Monty also plants some basil alongside the tomatoes, explaining that the condition of the basil is a good indicator of how happy your tomatoes are. Whilst they don’t come from the same place geographically, their origins mean that they suit the same type of conditions.
What a grafter!
‘Grafted’ tomato plants have recently become available to us amateur gardeners. These are one variety of tomato grafted onto the rootstock of another, perhaps hardier plant.
An example Monty uses is ‘Shirley’ which due to the fact that it is a grafted plant will last longer, fruit earlier, and grow bigger and hardier. When planting this type of tomato the rules are slightly different – you should always plant to the same depth of the pot and not bury the graft point.
Planting Mediterranean style
The great thing about planting in pots is that they then become portable. In this way slightly less hardy plants can be enjoyed in the summer and moved to sheltered spots out of the worst of the weather in autumn and winter.
Also, if you’re like me and love to arrange them constantly –that’s another bonus!

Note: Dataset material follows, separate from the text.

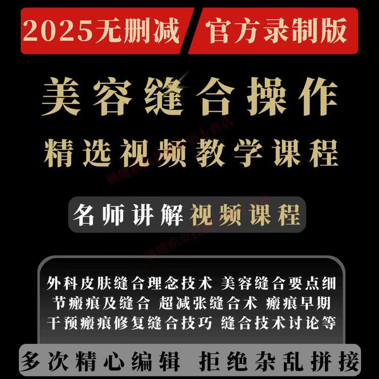 Cosmetic suture operation video tutorial, surgical skin tension reduction suture technique, scar prevention course teaching, electronic data network disk delivery

Monty plants Pelagonias in terracotta pots. Pelagonias are of course famous for their scent – merely brushing against the plants releases a super scent.
When planting Pelagonias it should be remembered that in order to get the very best from them their roots should be slightly constricted. With this in mind, two plants are put into each pot.

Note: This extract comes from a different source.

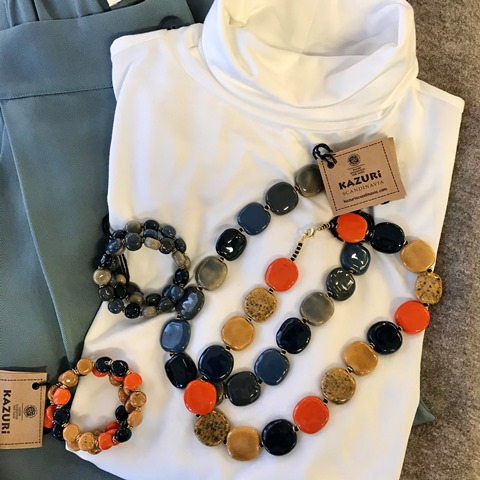 Kazuri är ett företag som grundades 1975 i Kenya för att ge ensamstående kvinnor möjlighet till egen försörjning. Keramiksmycken tillverkas av lera från området Mount Kenya. Varje pärla formas och målas för hand för att sedan glaseras och brännas. Idag har företaget ca 300 anställda kvinnor som vi gärna bidrar till att hjälpa. Unna dig ett vackert smycke och bär det med extra stolthet för tillsammans gör vi skillnad!

When it comes to soil type, these plants like well drained but fairly rich soil. The mixture Monty uses is general purpose peat free compost, grit and ¼ - 1/5 sieved garden soil.

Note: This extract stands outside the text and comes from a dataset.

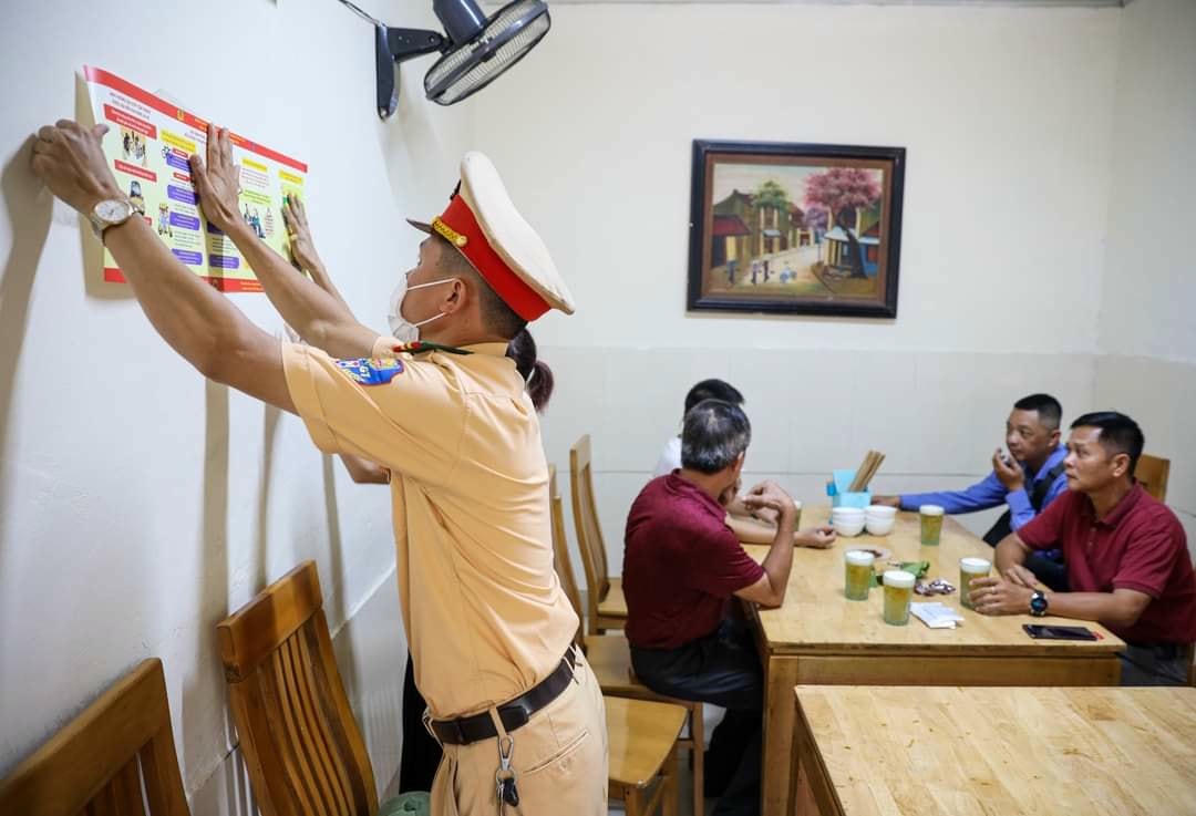 Nhằm nâng cao ý thức chấp hành Luật Giao thông đường bộ, ngày 25/7, Đội CSGT đường bộ số 6 (Phòng CSGT Công an TP Hà Nội) dán áp phích "đã uống rượu bia không lái xe" ở các hàng quán trên địa bàn quận Nam Từ Liêm và Cầu Giấy.

We’re all familiar with Lavender, which really is a true Mediterranean plant which loves sunshine, great drainage and poor soil.
When potting up Lavender Monty recommends a potting mix with extra grit. Garden compost with peat in should never be used for Lavender as it is too acidic – Lavender loves alkaline soil.
Jobs for this week
- Tie in and untangle the tendrils of Clematis as they grow
- Lift and divide any Primroses you are lucky enough to have in your garden
- Pick out growing tips of Dahlias to encourage side shoots and hence more flowers
Today’s ‘clinic’ goes to Mere in Wiltshire where a lady is having trouble deciding what to plant around her rather large wooden pergola.
First take your pergola…
As the pergola can be seen from the sitting room as well as when they are out in the garden, Carol agrees that a super feature should be made of this sturdy wooden pergola.
At the moment a few small plants are grown around it, none of which really suits or does justice to either the pergola or themselves.
Dress your pergola
Having been a florist myself I adore ivy for all its different uses but to some people it may feature alongside weeds! Carol however obviously shares my view as she recommends a mixture of dark green variegated ivy to climb up the pergola giving it a rather dramatic effect.
She also suggests that to give colour they could also consider planting something like ‘Morning Glory’ with its rich purple flowers or even Sweet Peas to make full use of this charming structure.
Joe visits a superb garden in East Sussex where the designer Ian Kitson has made the garden echo and melt into the countryside around it.
This garden is full of sweeping curves and beguiling sunken walkways which lead down to a pond at the very bottom.
Made from the natural limestone which abounds in the area the garden does not look out of place with the house which is also made of the same materials. In my view (but not being an expert of course!) the stone in the garden needs to weather a lot more in order to truly be in keeping with the residence.
The garden consists of a contemporary sunken area as a centrepiece, from which leads a winding path to the pond. The centrepiece is a super place to sit and look out over the surrounding countryside and I suspect that being sunken it is also sheltered from the wind.
This garden and others like it are open on the 26th of May so it would be well worth your while to visit one if there is any in your area.
Other gardens open to the public on the 26th May are in Winchcombe, St Neots and Southwark.